Exercise :: There is a line containing "Хотелът се състои" in the records below. Repeat it and every line after it, exactly, through the final line, but no pictures.

Supplied records ::

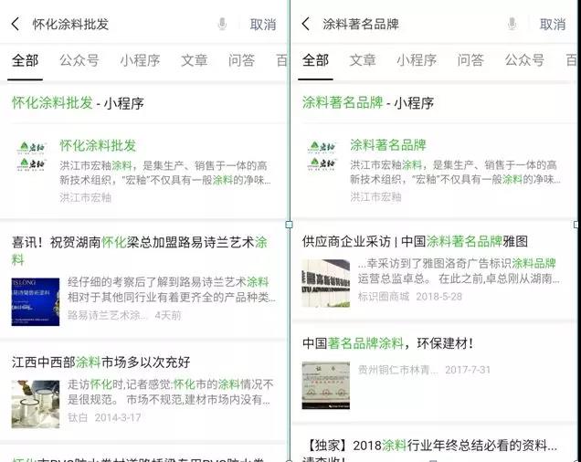 基于微信小程序名稱具有唯一性的特點,搶先注冊“宏釉涂料”小程序,利用微信小程序的排名規則,獲得“宏釉涂料”小程序的優先排名;同時搶注涂料批發、湖南涂料批發、懷化涂料批發、涂料著名品牌這四個行業名稱,均獲得優先排名,為品牌在微信APP里的曝光打好基礎。
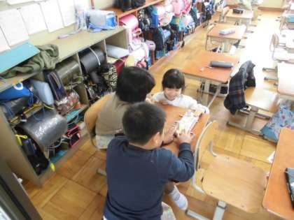 消しゴムを筆箱の上にのせて、トントン相撲をしていました。
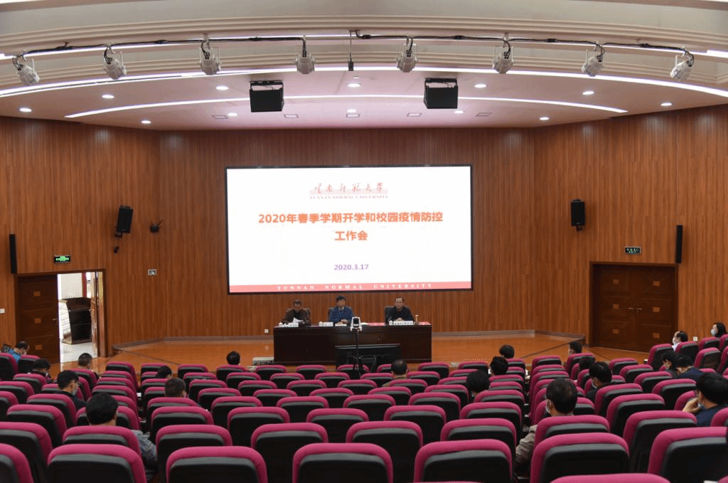 会议设有呈贡校区和联大校区两个主会场,各单位设分会场。全体与会人员首先参加了由省人民政府副省长陈舜主持召开的云南省2020年春季学期开学和校园疫情防控工作视频会议,听取了陈舜副省长,省委教育工委书记、省教育厅党组书记、厅长周荣以及省公安厅副厅长胡水旺、省卫生健康委督查专员谢馨莹等就做好全省2020年春季学期开学和校园疫情防控工作的安排布置。
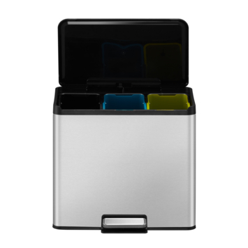 De EKO Essential Pedaalemmer 9+9+9L is een rechthoekige pedaalemmer van geborsteld RVS met fingerprint proof coating. Voorzien van gedempt sluitend kunststof deksel en drie kunststof binnenemmers (3x 9 liter) voor het scheiden van afval. De stay-open functie vergrendelt het deksel, voor het makkelijk schoonmaken van de afvalbak of wisselen van de afvalzak.
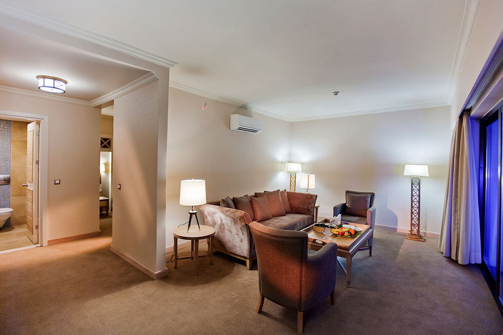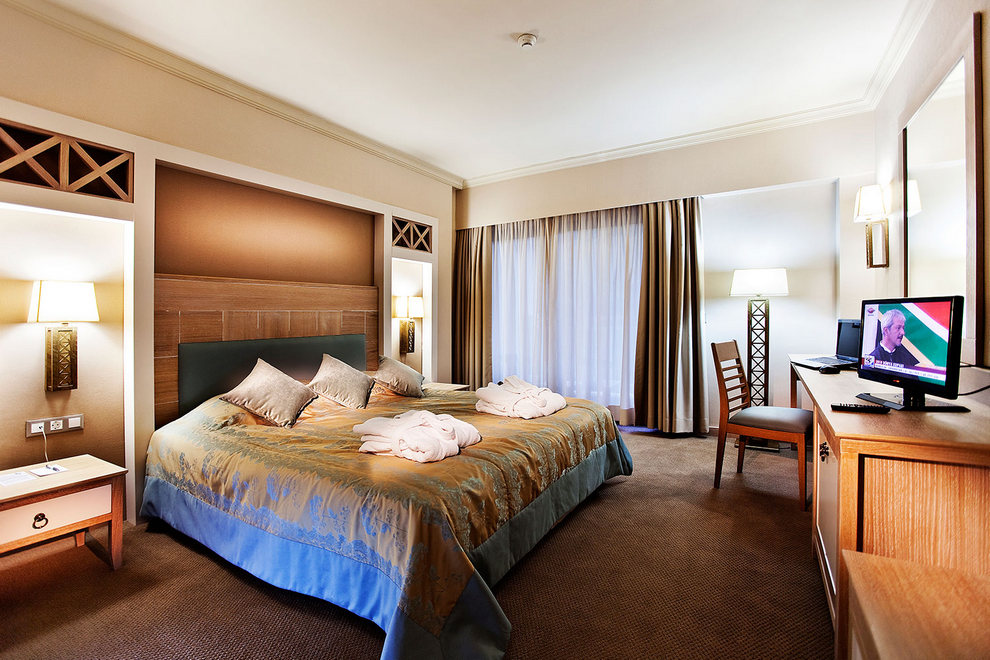Хотелът се състои от един 7-етажен корпус, конструиран така, че всички стаи да имат гледка към морето. Посреща гостите си в 84 климатизирани стаи. Те са оборудвани с телевизор, телефон, минибар, сейф, самостоятелна баня, сешоар, балкон, безплатен Wi-Fi. Ежедневно почистване на стоите, спалното бельо се сменя три пъти седмично.
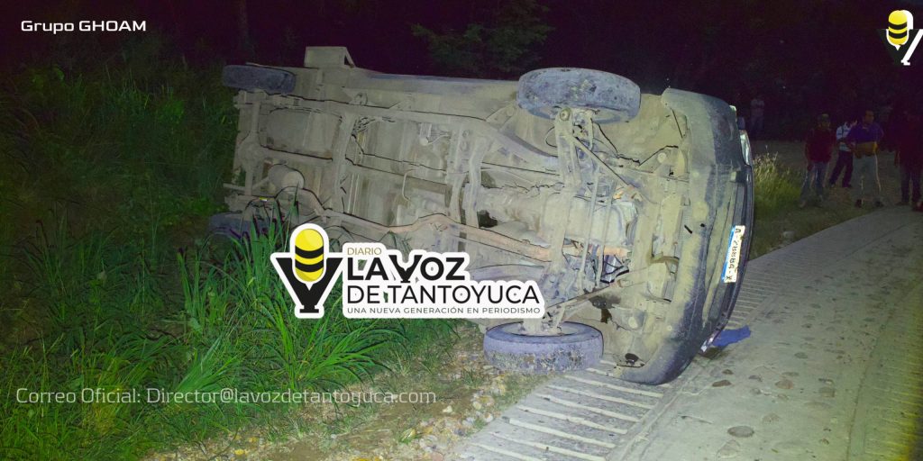 El accidente se registró cuando el conductor de la camioneta perdió el control en una pendiente, descendió la unidad en reversa y volcó de manera aparatosa.

Problem solution ::
Хотелът се състои от един 7-етажен корпус, конструиран така, че всички стаи да имат гледка към морето. Посреща гостите си в 84 климатизирани стаи. Те са оборудвани с телевизор, телефон, минибар, сейф, самостоятелна баня, сешоар, балкон, безплатен Wi-Fi. Ежедневно почистване на стоите, спалното бельо се сменя три пъти седмично.
 El accidente se registró cuando el conductor de la camioneta perdió el control en una pendiente, descendió la unidad en reversa y volcó de manera aparatosa.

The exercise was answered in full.